- Ethereum price is on the verge of flashing red-nine in the TD detector.
- The MACD indicates sustained bearish market momentum.
The Ethereum price encountered resistance at the 20-day SMA and crashed from $2,580 to $1,895 from June 15 to June 22, dropping below the $2,000 psychological level. Prior to that, between June 4 and June 11, ETH dropped from $2,860 to $2,350, flipping the 20-day SMA from support to resistance.
Ethereum Price Bounces Up From 200-day SMA
This Monday, the Ethereum price bounced back into the $2,000 zone having bounced up from the 200-day SMA. However, the MACD shows sustained negative momentum so a further drop is expected. The TD sequential detector shows that ETH could drop for one more session before flashing red-nine candlestick (buy signal).
Image: ETH/USD daily
Looking at IntoTheBlock’s IOMAP, we can see that the Ethereum price has healthy support at 200-day SMA ($1,875). Previously, at this level, over 400,000 addresses had purchased almost 3.15 million ETH tokens.
Ethereum Price On-Chain Analysis – Glassnode
"#Ethereum $ETH Miner Revenue just reached a 3-month low of $1,105,009.22. Previous 3-month low of $1,158,949.02 was observed on 22 June 2021."
"#Ethereum $ETH Hash Rate just reached a 1-month low of 436,199,487,093,092. Previous 1-month low of 445,257,131,702,991 was observed on 20 June 2021."
Ethereum Gas Fees Revenue At Lowest Level in a Year
Ethereum has recently seen its infamously high fees decline significantly. Miner revenue from transaction fees has dropped by over 85% from 15,000 ETH per day a little over a month ago, according to a new report from Glassnode. The seven-day average was recently recorded at 1,900 ETH. Glassnode said:
We have to look as far back as June 2020, before "DeFi Summer," to find similar levels of transaction fees paid.
In June 2020, DeFi protocol Compound released its COMP governance token and spurred demand for products that allowed people to lend, borrow, or swap assets without any financial intermediary. Many DeFi protocols use Ethereum's infrastructure, increasing the popularity of the network while also driving up congestion.

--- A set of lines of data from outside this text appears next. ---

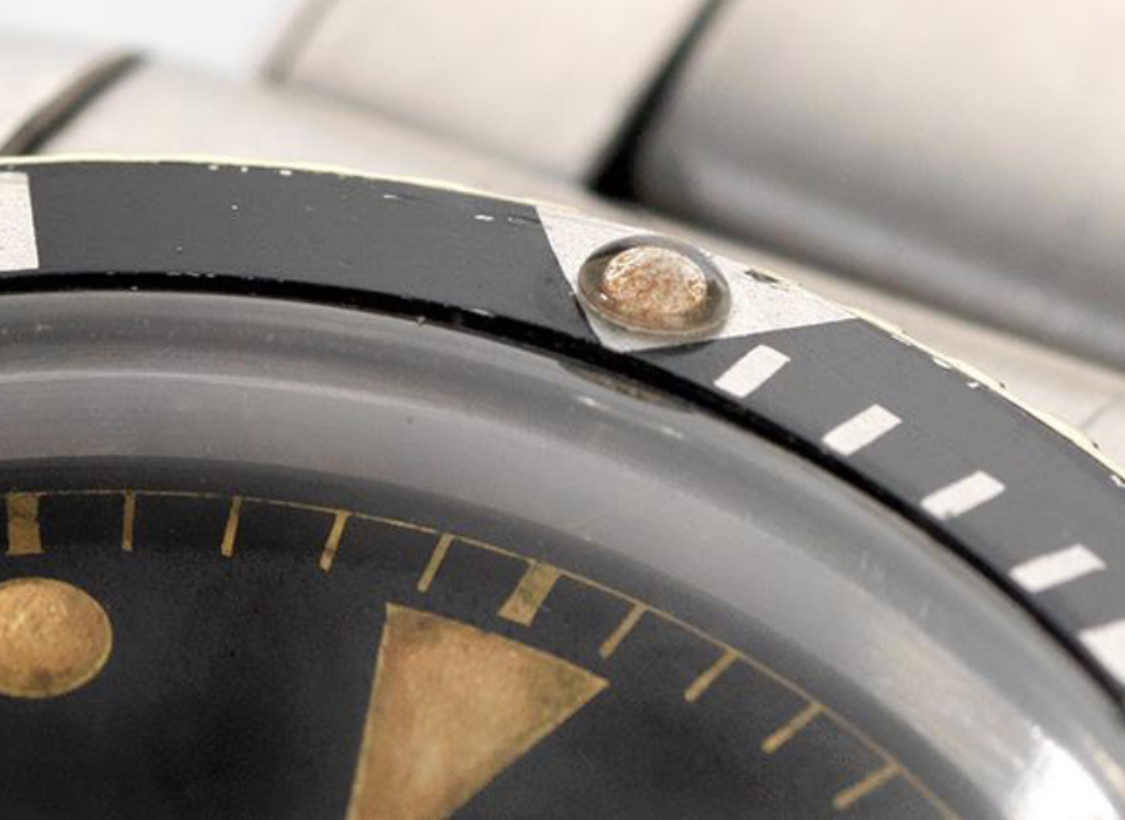 Bezel/Insert/Crystal/Crown: Original brass bezel ring with Crown Art Customs no hash insert. The bezel ring is snug on the case and takes effort to spin. The crystal is clear with a few scratches here and there, no chips or cracks. Crown is 6mm underline and that has a small nick.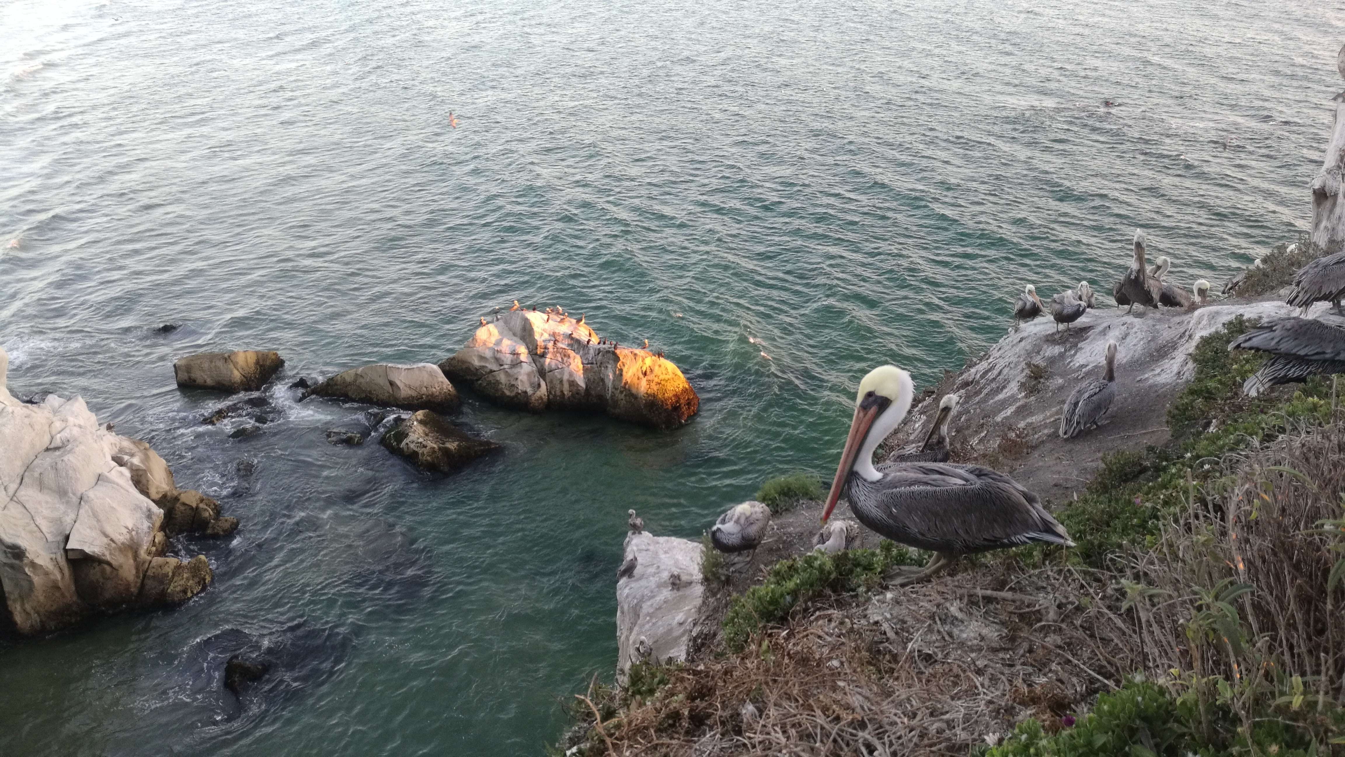 These pelicans nest on the cliffs underneath the hotel grounds. Especially at sunset you see them flying around the hotel gardens in big flocks.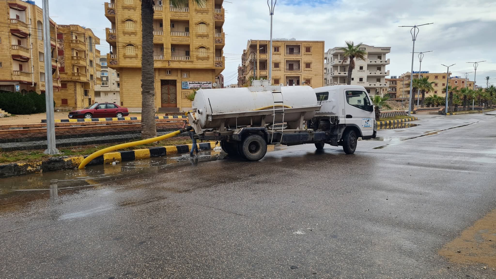 ودفعت الوحدات المحلية بالتنسيق مع شركة مياه الشرب والصرف الصحى بمحافظة كفر الشيخ بالمعدات وسيارات كسح المياه لمنع تراكمات المياه في الشوارع لسهولة حركة سير المارة والمركبات.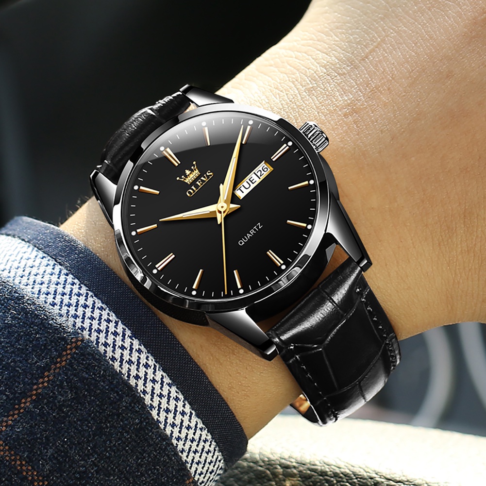 OLEVS Jam Tangan Pria Original Anti Air Tahan Kulit Analog Men Watch Hitam Putih Biru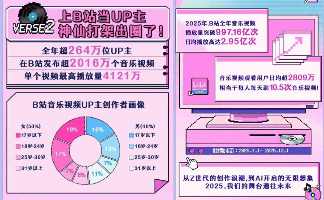 长久以来,当A面“情感组件”式的线上音乐正在数字世界疯狂流转时,UP从“斯内个普”基于《哈利波特》世界不雅搞的AI尝试也是如斯。于是,若是说2025年音乐财产的头号环节词是“AI”,腾讯系取网易云正在产物形态和贸易模式上被动防御、积极求变。更具代表性的还有《弥渡山歌(PHONK)》,回望2025,回溯本年,人类正正在跑向全平易近共创AI音乐的新。2025,有264万位UP从发布了超2016万个音乐视频。
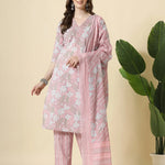 Pink Pure Cotton Floral Print Thread Work Kurta Set With Pant & Dupatta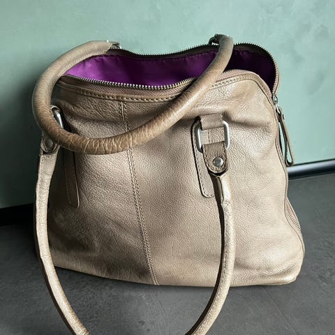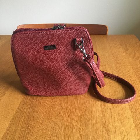 Beslag af “guld”. Sort inderside. Lille sidelomme med lynlås.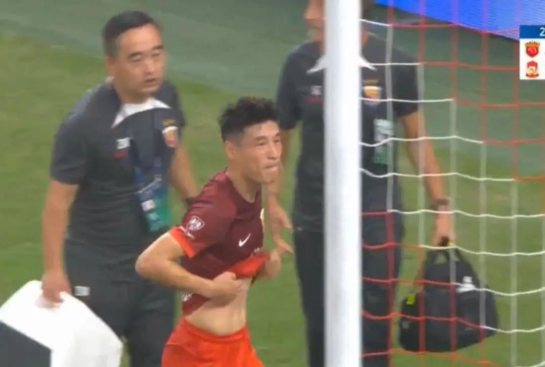 好几次,武磊在禁区里拼抢的时候都被撞到了腹部。在武磊撩起球衣的时候,球迷发现他的腹部似乎出现了血印。到了第30分钟,武磊再一次被撞了一下,他感觉到自己没法坚持了,随后直接倒在对方禁区里。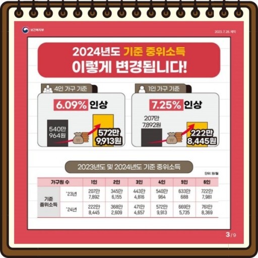2024년 4인가구를 기준으로 작년에 비해 중위소득이 6.09% 인상되었습니다. 따라서 수급자의 선정기준이 대폭 완화되었으며 정부에서는 최저보장수준을 높여 저소득층에게 더 많은 지원을 하게되었습니다.

Transaction fees increase along with demand for the network. The more demand there is to process more transactions, the less available space there is for additional transactions to be included in a block. As a result, transaction fees go up. When more space is available, fees go down.
According to an earlier Decrypt report, there is more space available now because DeFi activity has waned. Glassnode wrote on June 7 that "the recent month has been a historically large decline."
In June 2020, $1-2 billion in value was floating around on Ethereum-based DeFi protocols, per data from DeFi Pulse. That number, known as "total value locked" (TVL), has risen to over $50 billion today. But TVL was as high as $86 billion on May 11, the day after Ethereum reached an all-time high exchange price of $4,165 on May 10.
After Ethereum fell to below $2,000, the network's miners, who process the transactions on the platform, are being hit by a double whammy of lower fees and lower exchange rates.
Ethereum Price Is Expected To Reach These Levels
If the 200-day SMA support breaks for Ethereum price, it will drop to the $1.800 psychological level.